Vegan Summer Pizza


  • 1 pound (16 ounces) homemade or store-bought pizza dough
  • 1 1/2 cups fresh corn kernels (cut from 2 medium ears of corn), divided
  • 2 medium cloves garlic, minced
  • 2 tablespoons olive oil + more for brushing pan and crust
  • 1/4 cup full-fat coconut milk
  • 1/8 teaspoon kosher salt
  • 1/8 teaspoon freshly ground black pepper
  • 1 small white onion, sliced and rings separated
  • 1/2 pint cherry tomatoes or 2 medium ripe tomatoes, sliced thin
  • 1/2 cup fresh basil, torn or cut chiffonade-style


  1. Preheat the oven to 450 degrees Fahrenheit. Brush a large cookie sheet lightly with olive oil or prepare a pizza stone. Roll or pull the dough into an approximately 14-inch diameter circle. Brush entire crust with olive oil.
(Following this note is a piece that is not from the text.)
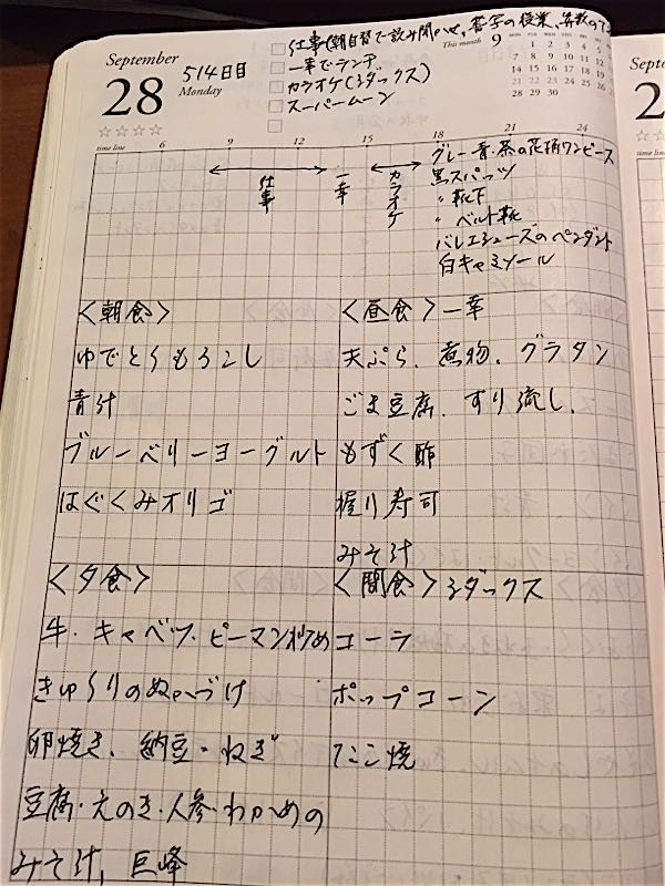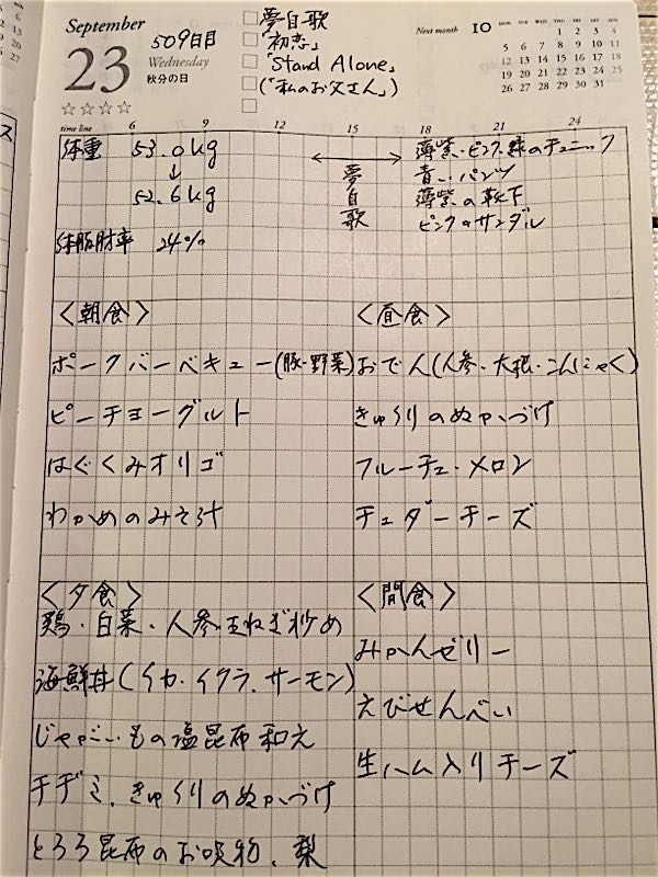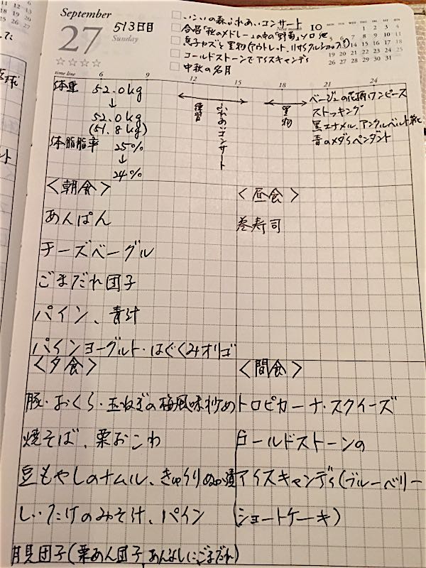 ダイエット食事日記514日目です。今日は、仕事、一幸でランチ、カラオケで、グレーに青・茶の花柄のワンピース、白キャミソール、黒スパッツ、黒靴下、黒ベルト靴。バレエシューズのペンダント。朝は涼しかったので、白のレースのカーディガン。でも、昼間は暑くなりましたね。朝食は、茹でトウモロコシの粒を取ったもの。青汁。ブルーベリーヨーグルト、はぐぐみオリゴ。勤務校では、小2の朝自習で読み聞かせ、算数のT2、書写の授業。書写では、折れ・曲がり・反り・点・画の方向をそれぞれ3択問題で出したり、新出漢字を教えた後、書写ノートで練習させました。終わった子にはプリントで練習。割と落ち着いてできたかな・・・書写ノートやプリントを丸つけしたので、少し残業。それから帰宅し、主人と一幸でランチしました。会員割引の葉書が来てたのです。私は寿司会席。2段になっていて、1段目は天ぷら、煮物、グラタン、胡麻豆腐、すり流し、もずく、味噌汁。2段目は寿司。主人は、松茸御膳。天婦羅、刺身、寿司。その後、シダックスでカラオケ。平日の午後2:30から18:00は580円でワンドリンク、ワンフード、コーラ2つと、ポップコーン、たこ焼き。私が歌った曲で、動画が見られます。途中でiPhoneの容量が足りず、録画出来なくなりましたが。Stand Alonehttps://youtu.be/EXryy7bNipYハナミズキhttps://youtu.be/4wyBd2id7RIあなたhttp://www.youtube.com/watch?v=5UuO4oBccFsI love youhttp://www.youtube.com/watch?v=m74xfpVIwVk会いたいhttp://www.youtube.com/watch?v=JD3tvLyZCUo愛の讃歌http://www.youtube.com/watch?v=mb9eatquD3s生まれ来る子どものためにhttp://www.youtube.com/watch?v=C5lHLqbPixc星に願いをhttp://www.youtube.com/watch?v=S_xL_MzD57o恋人よhttps://youtu.be/S9sEGFfTyBM恋におちてhttp://www.youtube.com/watch?v=4Z5hrbSFs3Y越冬つばめ、天城越え、頑張っていこうぜ、花は咲く。この4曲は録画できませんでした・・・帰ってから、スーパームーンを見ました。昨日は中秋の名月で十五夜だけど、今日が満月だそうです。朧月でしたが、覆ってた雲がなくなってきた。 義母がススキを持って来てくれました。夕食は、牛・キャベツ・ピーマン炒め。胡瓜の糠漬け。卵焼き。梅風味黒酢たれ納豆。ネギ。豆腐・えのき・人参・わかめの味噌汁。巨峰。やはりまた食べすぎですね・・・

  2. Place 1 cup corn, 2 tablespoons olive oil, garlic, coconut milk, 1/8 teaspoon salt, and pepper in the pitcher of a blender or in a food processor fitted with the S-blade. Blend until nearly smooth but with a bit of remaining texture from the corn.
  3. Pour sauce on pizza dough and spread in an even layer, leaving a 1/2-inch border. Layer on the onions, then the tomatoes, and then sprinkle on the remaining corn. Bake until the crust is golden brown and the toppings are bubbly, 8-12 minutes. Remove from oven and top with basil and a couple of pinches of kosher salt, if desired. Slice and serve.